I find the latter definitely easier to understand.

>
>> I'm also not sure that the normative algorithm is needed.
>
> You mean for parsing? How else would you know how to parse it? In some of
> the cases the algorithms don't accept any errorneous content at all, but
> in many cases we have to define how you handle bogus data, and I don't see
> how to do that any other way.

Ok, then.

>> I've also searched IEEE, IETF, ECMA, ISO and ANSI for another normative
>> version of the syntax and processing, but I've found none. If you think
>> that it is important to have it specified completely, you may submit an
>> ID, so future technologies won't need to rewrite it again.
>
> I'm not sure to what you refer. I certainly wouldn't want anyone reusing
> most of these definitions; many are the result of years of bugs causing
> legacy content to depend on weird quirks.
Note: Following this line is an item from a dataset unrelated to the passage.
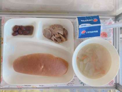 【豚肉のデミグラスソース、スープ、うずら豆のグラッセ、おさつパン、牛乳】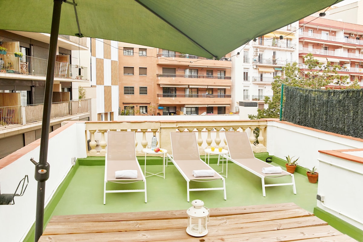 Spacious and bright 180 sqm (1938 sqft) terraced house near FC Barcelona Stadium. 5 bedrooms in 3 different floors. Large living room with 2 different spaces, comfortable sofas, dining table and LED TV. Fully equipped kitchen. 3 bathrooms. 2 terraces.

Signed/unsigned integers and floats are concepts used by many
technologies, which use quite the same syntax (expressed above). One
RFC for everyone avoids having to rewrite syntax and processing any
time you use a float, but I agree that it may require more work.

>
>> Also, don't rely on styles alone, use different words for identifiers
>> and prose. This includes also the Note following, where no styles are
>> applied and it is difficult to understand that "year year" is not a
>> typo but rather is the year numbered "year".
>
> I made the note use "y", but in general I find using anything but "year"
> here gets really ugly.

You have this problem still in section 2.4.5 Dates and Times. You can
use "year" as an identifier, but repeating it along with the noun used
in general sense makes it hard to understand, especially if you don't
have the visual italic clue (for example, you turned off stylesheets
or are using an non-visual media)

>> - Can't be simply referenced CSS3 Color in 2.4.6?
>> This way, implementors could have body[bgcolor] { background-color:
>> attr(bgcolor,color,white); } in the default CSS instead of using HTML5
>> specific rules.
>
> The rules for parsing a legacy color value are very constrained and don't
> match CSS, no.

Outside rgb/hsl and their alpha counterparts, is there anything that
CSS3 Color can't do compatibly with HTML colours?
If no, using CSS Color completely would allow more features and
simpler implementations.
I see HTML5 currently supports also CSS2 and SVG colours.

>
>> - In 2.4.9 a valid hash reference must be equal to an ID, name is
>> supported only for backward compatibility.
>
> No, <map> uses name="".

Is that even in *conforming documents*? I hope no, as name was
deprecated in all versions of XHTML, and was not even supposed to work
in XML.

>
>> - Section 2.6 is superfluous: handling of application cache is specified
>> in the appropriate section, handling of HTTP requests and caches is
>> defined in RFC2616, handling of cookie is defined in the appropriate RFC
>> (I don't remember the number), handling of about:blank is in the
>> proposed about-uri-scheme ID. In addition, serialized queue-based
>> handling of resources should not be mandated by the HTML5 specification
>> (can't UAs be multi-threaded?)
>
> Section 2.6 (fetching) is needed to define how the fetching algorithm
> (HTTP, etc) fit into the event loop mechanism and the storage mutex.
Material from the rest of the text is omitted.